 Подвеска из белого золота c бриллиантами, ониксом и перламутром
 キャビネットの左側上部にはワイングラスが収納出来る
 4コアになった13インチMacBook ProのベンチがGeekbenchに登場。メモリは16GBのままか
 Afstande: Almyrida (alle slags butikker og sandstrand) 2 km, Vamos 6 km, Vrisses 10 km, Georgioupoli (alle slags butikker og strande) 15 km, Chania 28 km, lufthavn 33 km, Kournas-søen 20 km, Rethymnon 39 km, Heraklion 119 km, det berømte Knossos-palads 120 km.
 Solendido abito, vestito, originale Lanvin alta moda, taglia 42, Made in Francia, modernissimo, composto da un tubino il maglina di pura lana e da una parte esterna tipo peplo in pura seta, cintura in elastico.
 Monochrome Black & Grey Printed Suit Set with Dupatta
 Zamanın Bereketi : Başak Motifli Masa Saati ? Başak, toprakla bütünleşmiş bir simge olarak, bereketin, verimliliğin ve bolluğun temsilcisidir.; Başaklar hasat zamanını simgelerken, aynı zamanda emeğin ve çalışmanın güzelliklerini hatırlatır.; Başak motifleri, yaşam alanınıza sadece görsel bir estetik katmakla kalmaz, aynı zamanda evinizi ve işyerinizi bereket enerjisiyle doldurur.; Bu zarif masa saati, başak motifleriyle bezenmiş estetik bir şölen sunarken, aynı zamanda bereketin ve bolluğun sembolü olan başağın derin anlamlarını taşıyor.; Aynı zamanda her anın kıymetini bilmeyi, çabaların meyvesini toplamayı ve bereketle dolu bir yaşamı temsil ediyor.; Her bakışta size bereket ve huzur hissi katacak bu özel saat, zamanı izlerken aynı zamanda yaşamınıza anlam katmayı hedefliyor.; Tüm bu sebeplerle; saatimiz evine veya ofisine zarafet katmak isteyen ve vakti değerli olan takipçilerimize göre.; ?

---

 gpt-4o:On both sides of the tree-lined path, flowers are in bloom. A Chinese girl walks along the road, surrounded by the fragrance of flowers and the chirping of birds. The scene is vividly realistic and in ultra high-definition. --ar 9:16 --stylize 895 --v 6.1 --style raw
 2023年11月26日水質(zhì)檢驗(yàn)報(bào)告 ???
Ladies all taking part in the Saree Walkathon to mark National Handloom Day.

TASK: Above are the records. Print exactly, and only, the lines from the line with "2023年11月26日水質(zhì)檢驗(yàn)報(bào)告 ???" to the line with "Ladies all taking", both inclusive.

RESULT OF THE EXERCISE:
 2023年11月26日水質(zhì)檢驗(yàn)報(bào)告 ???
Ladies all taking part in the Saree Walkathon to mark National Handloom Day.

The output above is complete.